Stored data:
= = = = = = =

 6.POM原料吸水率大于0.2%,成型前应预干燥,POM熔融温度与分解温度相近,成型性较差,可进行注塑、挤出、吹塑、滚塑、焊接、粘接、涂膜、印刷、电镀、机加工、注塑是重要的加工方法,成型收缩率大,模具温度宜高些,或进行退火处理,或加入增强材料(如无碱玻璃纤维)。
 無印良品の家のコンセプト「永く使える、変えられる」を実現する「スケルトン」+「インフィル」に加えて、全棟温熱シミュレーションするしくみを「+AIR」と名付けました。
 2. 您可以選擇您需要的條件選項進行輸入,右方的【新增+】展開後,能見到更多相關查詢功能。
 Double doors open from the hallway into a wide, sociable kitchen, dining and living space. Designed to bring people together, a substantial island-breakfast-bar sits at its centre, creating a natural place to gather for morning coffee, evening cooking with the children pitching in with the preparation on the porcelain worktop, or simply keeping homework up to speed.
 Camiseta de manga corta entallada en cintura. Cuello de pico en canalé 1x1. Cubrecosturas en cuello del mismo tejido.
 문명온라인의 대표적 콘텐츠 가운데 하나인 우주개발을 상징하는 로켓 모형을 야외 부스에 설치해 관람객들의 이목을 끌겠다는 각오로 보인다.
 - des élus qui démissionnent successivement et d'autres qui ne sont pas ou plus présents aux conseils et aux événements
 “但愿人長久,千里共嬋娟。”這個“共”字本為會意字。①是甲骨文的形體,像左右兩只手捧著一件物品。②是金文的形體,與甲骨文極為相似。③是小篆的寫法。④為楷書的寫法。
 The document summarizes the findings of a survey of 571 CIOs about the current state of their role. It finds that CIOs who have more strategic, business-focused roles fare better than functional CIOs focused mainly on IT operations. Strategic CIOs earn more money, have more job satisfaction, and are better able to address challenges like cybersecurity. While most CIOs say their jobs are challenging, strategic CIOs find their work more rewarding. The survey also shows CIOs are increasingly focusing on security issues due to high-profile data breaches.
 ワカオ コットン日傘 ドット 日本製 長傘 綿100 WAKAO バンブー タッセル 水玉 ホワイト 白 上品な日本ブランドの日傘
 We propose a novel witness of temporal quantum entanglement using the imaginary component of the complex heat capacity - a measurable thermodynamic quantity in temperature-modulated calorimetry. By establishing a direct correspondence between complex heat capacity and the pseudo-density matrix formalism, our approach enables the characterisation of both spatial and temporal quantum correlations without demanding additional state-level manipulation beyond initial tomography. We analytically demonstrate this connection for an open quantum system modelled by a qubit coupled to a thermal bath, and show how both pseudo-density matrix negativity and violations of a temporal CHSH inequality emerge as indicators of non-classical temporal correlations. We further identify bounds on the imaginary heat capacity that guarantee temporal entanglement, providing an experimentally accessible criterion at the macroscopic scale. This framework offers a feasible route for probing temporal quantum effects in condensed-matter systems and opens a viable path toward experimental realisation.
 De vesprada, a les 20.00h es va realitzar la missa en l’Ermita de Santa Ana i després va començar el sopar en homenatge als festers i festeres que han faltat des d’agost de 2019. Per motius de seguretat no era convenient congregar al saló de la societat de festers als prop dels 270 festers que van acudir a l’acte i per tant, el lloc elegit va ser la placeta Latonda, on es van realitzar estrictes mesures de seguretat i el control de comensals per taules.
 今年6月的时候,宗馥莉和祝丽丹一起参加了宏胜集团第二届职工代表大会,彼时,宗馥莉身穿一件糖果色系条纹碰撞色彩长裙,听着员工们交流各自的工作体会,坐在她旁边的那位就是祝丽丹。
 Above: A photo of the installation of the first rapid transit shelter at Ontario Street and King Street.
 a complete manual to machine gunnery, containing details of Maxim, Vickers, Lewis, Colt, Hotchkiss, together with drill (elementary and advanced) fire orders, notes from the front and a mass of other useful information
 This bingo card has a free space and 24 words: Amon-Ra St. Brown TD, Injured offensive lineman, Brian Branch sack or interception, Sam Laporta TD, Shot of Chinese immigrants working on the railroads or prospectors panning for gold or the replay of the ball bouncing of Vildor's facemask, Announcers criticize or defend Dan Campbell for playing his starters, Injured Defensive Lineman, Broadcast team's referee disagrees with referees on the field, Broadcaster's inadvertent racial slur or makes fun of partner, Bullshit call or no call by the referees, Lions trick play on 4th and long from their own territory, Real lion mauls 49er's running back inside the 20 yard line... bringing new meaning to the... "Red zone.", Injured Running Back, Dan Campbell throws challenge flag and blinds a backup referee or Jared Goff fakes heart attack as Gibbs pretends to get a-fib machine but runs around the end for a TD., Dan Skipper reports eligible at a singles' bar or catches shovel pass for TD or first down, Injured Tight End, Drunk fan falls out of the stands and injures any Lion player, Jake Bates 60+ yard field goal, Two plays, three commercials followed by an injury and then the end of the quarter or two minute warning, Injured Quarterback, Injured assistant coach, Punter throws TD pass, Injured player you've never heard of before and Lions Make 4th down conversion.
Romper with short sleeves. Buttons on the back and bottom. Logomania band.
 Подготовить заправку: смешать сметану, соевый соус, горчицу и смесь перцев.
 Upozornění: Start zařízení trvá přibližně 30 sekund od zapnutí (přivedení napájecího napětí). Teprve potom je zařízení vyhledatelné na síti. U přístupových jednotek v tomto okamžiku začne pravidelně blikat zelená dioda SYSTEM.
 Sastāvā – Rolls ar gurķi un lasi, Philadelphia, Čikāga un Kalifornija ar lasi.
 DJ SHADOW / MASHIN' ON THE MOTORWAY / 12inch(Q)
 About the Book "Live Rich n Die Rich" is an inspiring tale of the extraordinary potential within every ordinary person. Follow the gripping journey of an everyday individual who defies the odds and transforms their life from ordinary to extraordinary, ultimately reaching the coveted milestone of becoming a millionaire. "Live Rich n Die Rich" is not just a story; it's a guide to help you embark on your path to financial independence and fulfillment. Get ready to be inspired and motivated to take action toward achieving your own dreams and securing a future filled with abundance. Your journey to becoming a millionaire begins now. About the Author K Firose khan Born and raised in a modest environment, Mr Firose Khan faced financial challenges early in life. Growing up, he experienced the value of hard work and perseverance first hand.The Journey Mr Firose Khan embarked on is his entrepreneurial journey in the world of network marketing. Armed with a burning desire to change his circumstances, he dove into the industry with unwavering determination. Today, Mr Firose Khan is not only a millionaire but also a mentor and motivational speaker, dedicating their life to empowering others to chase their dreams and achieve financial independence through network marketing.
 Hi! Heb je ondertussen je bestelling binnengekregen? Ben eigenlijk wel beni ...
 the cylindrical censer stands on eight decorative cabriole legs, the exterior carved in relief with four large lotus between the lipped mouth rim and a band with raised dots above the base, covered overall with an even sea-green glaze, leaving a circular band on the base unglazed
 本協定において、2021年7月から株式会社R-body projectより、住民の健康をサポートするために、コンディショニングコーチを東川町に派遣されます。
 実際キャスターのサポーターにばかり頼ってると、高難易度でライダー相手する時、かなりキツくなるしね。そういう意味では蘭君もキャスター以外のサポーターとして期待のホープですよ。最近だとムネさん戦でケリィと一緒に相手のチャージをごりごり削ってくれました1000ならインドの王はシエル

= = = = = = =

The answer should be all lines from the entries above that hold the word "band".

Exercise output -
Romper with short sleeves. Buttons on the back and bottom. Logomania band.
 the cylindrical censer stands on eight decorative cabriole legs, the exterior carved in relief with four large lotus between the lipped mouth rim and a band with raised dots above the base, covered overall with an even sea-green glaze, leaving a circular band on the base unglazed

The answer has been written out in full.